#### TASK BRIEF
Without including any image, repeat every record exactly.

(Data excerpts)
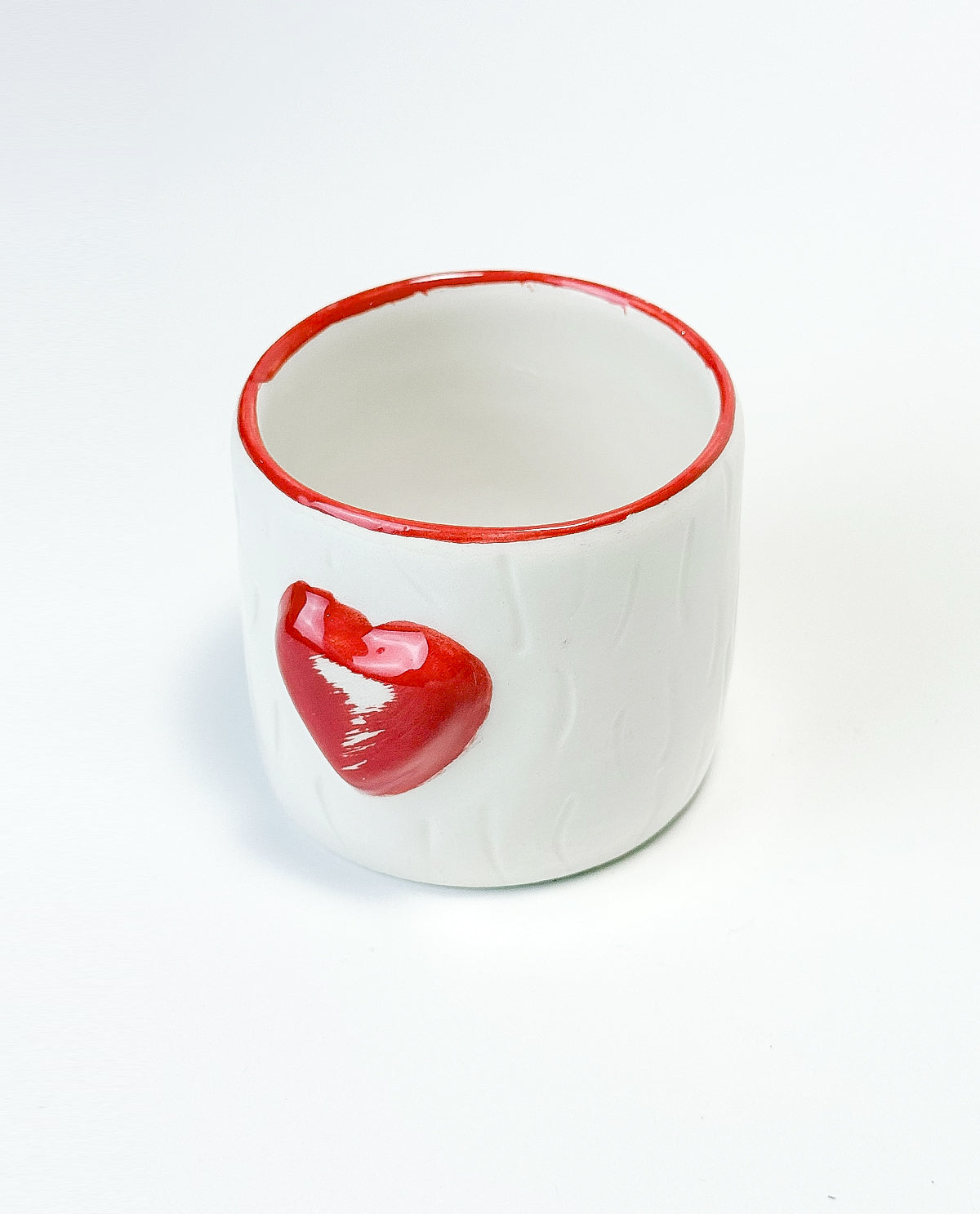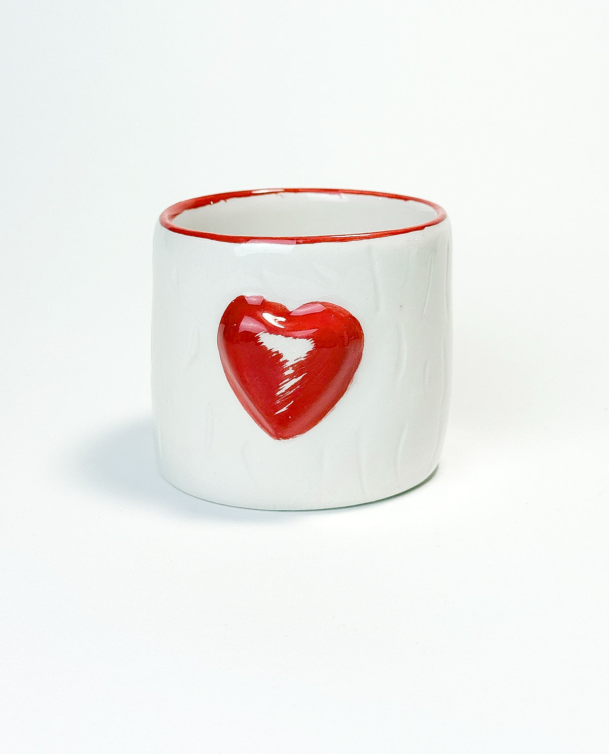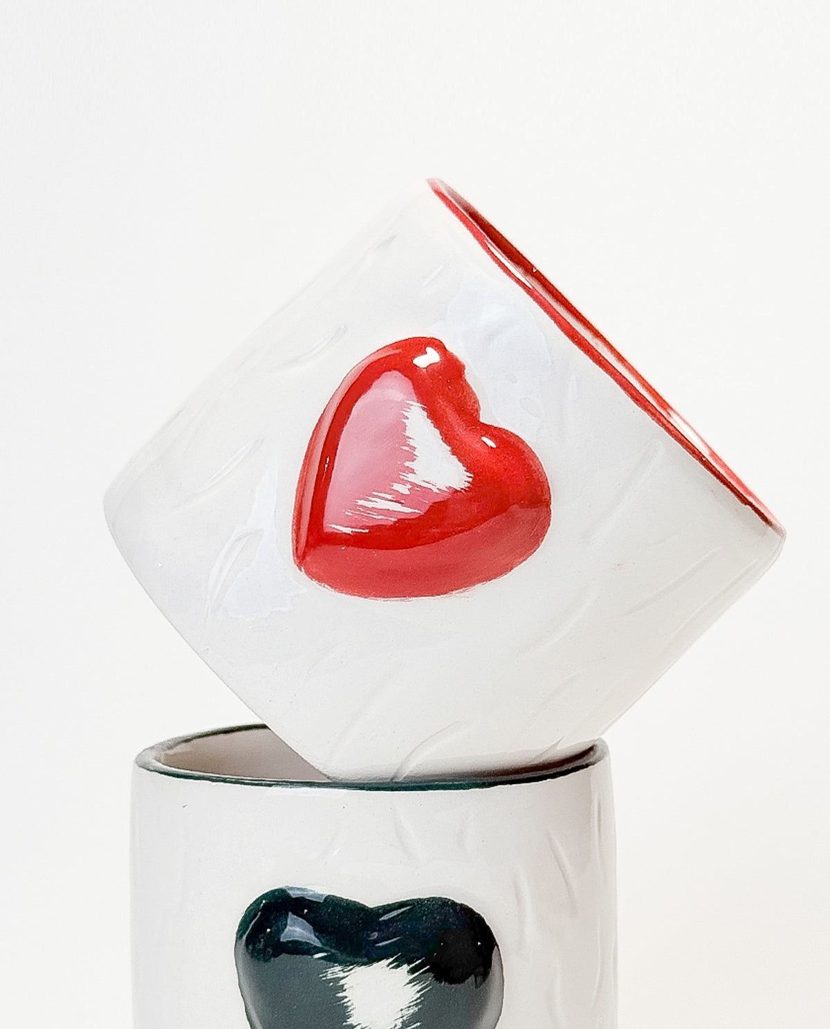 Start or end your day with a whole lot of love! This mug has been skillfully handcrafted and hand painted. The special highlight is the embossed heart. Whether you're fueling up with coffee or winding down with tea (or a cocktail), this mug brings charm and joy to your daily routine. Share your love or enjoy it by yourself...
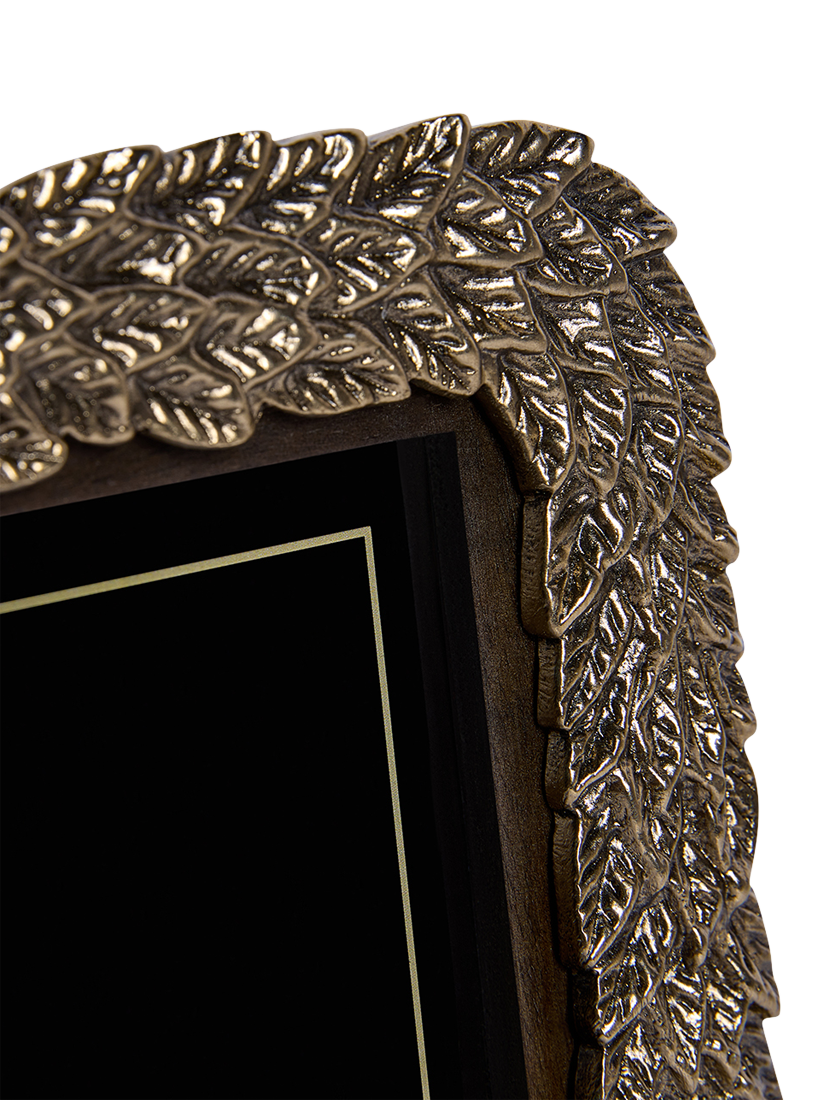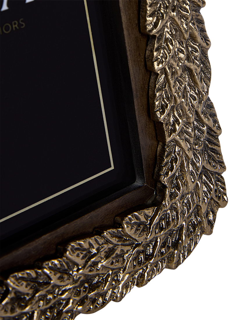 An elegant decorative photo frame from The Libra Company featuring a textured antique metallic finish with a leaf motif border. Individual leaves are intricately sculpted to create a sense of natural movement and depth. Wall-mount or display freestanding, vertically or horizontally.
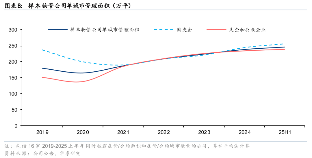 25H1样本物管公司单城市管理面积为246万平,同比+5%,增速较24年-1pct。其中,国央企、民企物管公司单城市管理面积分别为256、239万平,同比+8%、+4%,增速较24年-2pct、持平。
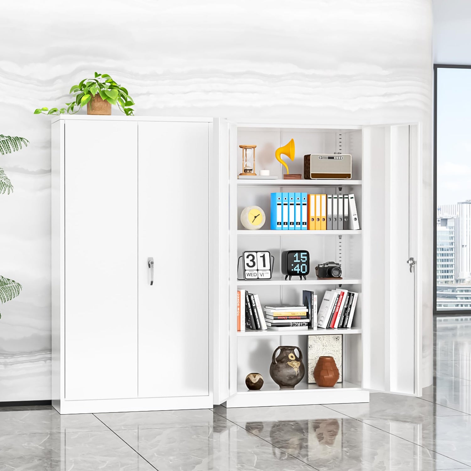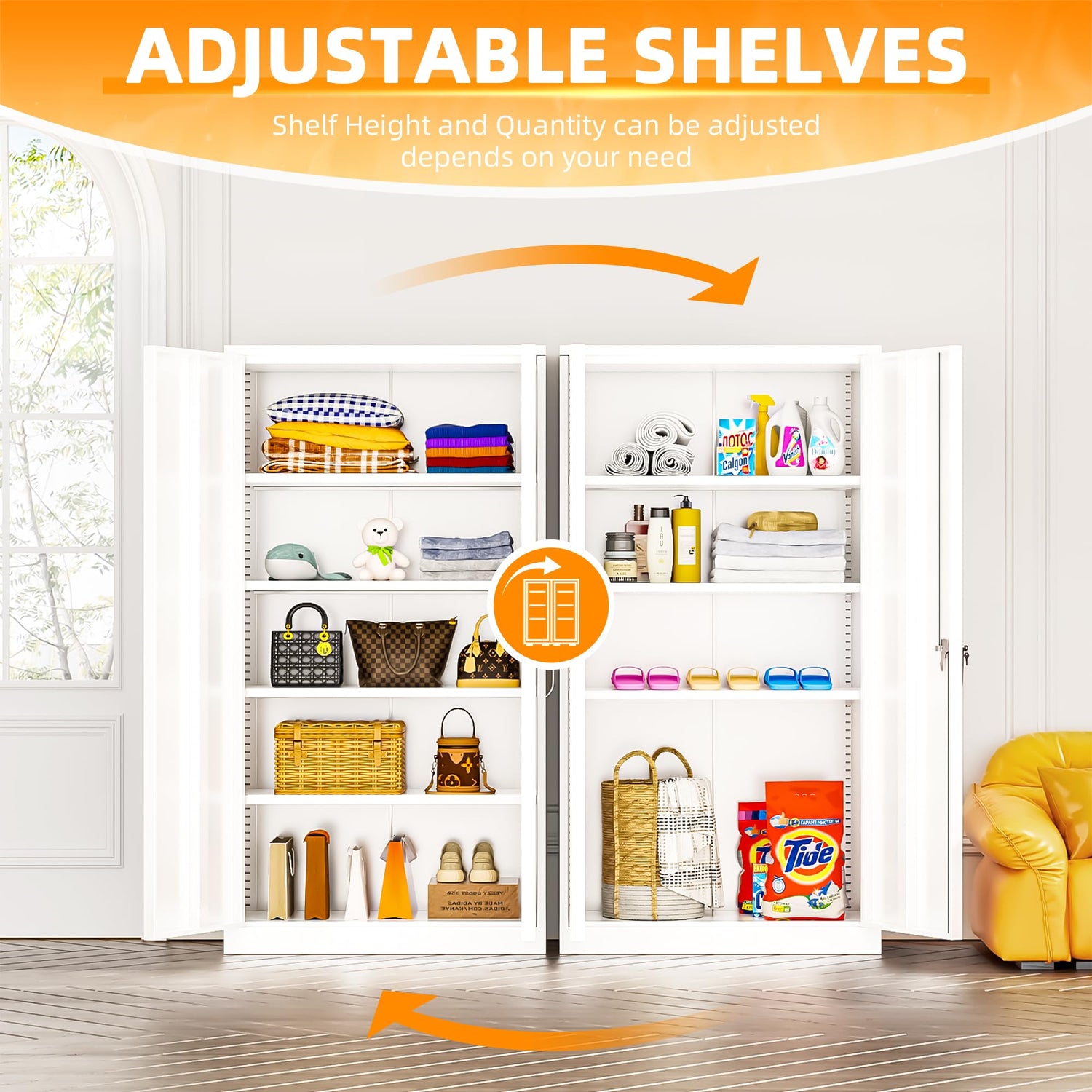 - 【High Security】: Tall steel storage cabinet with 2 door and 4 adjustable shelves to accommodate items of all sizes.The locking file cabinet with 2 Locking keys and 3-pointed locking system can highly secure your belongings.Whether you want to store office files, garage tools, or other large and heavy items, it's no problem.
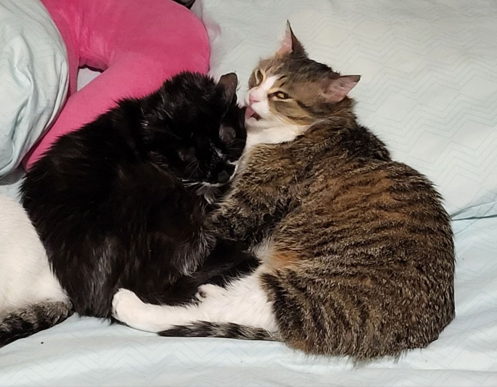 A bonus in doing this is that grandma is no longer hiding out. Instead, she’s been camping out on my bed, where it’s much softer and warmer. Plus, the cats are grooming each other’s ears more – and none are allergic to coconut oil – though not as enthusiastically as when we were using the mineral oil. It was crazy how much Shadow, in particular, kept trying to eat it. I had so much trouble keeping him out of the garbage can, as he’d drag out the paper towel cleaning strips and try to eat them! The coconut oil seems tasty enough that they all groom each other more often, which is improving relationships. They are more likely to sleep in huge cuddle piles, including cats that previously didn’t get along very well.

#### EXPECTED OUTPUT
 Start or end your day with a whole lot of love! This mug has been skillfully handcrafted and hand painted. The special highlight is the embossed heart. Whether you're fueling up with coffee or winding down with tea (or a cocktail), this mug brings charm and joy to your daily routine. Share your love or enjoy it by yourself...
 An elegant decorative photo frame from The Libra Company featuring a textured antique metallic finish with a leaf motif border. Individual leaves are intricately sculpted to create a sense of natural movement and depth. Wall-mount or display freestanding, vertically or horizontally.
 25H1样本物管公司单城市管理面积为246万平,同比+5%,增速较24年-1pct。其中,国央企、民企物管公司单城市管理面积分别为256、239万平,同比+8%、+4%,增速较24年-2pct、持平。
 - 【High Security】: Tall steel storage cabinet with 2 door and 4 adjustable shelves to accommodate items of all sizes.The locking file cabinet with 2 Locking keys and 3-pointed locking system can highly secure your belongings.Whether you want to store office files, garage tools, or other large and heavy items, it's no problem.
 A bonus in doing this is that grandma is no longer hiding out. Instead, she’s been camping out on my bed, where it’s much softer and warmer. Plus, the cats are grooming each other’s ears more – and none are allergic to coconut oil – though not as enthusiastically as when we were using the mineral oil. It was crazy how much Shadow, in particular, kept trying to eat it. I had so much trouble keeping him out of the garbage can, as he’d drag out the paper towel cleaning strips and try to eat them! The coconut oil seems tasty enough that they all groom each other more often, which is improving relationships. They are more likely to sleep in huge cuddle piles, including cats that previously didn’t get along very well.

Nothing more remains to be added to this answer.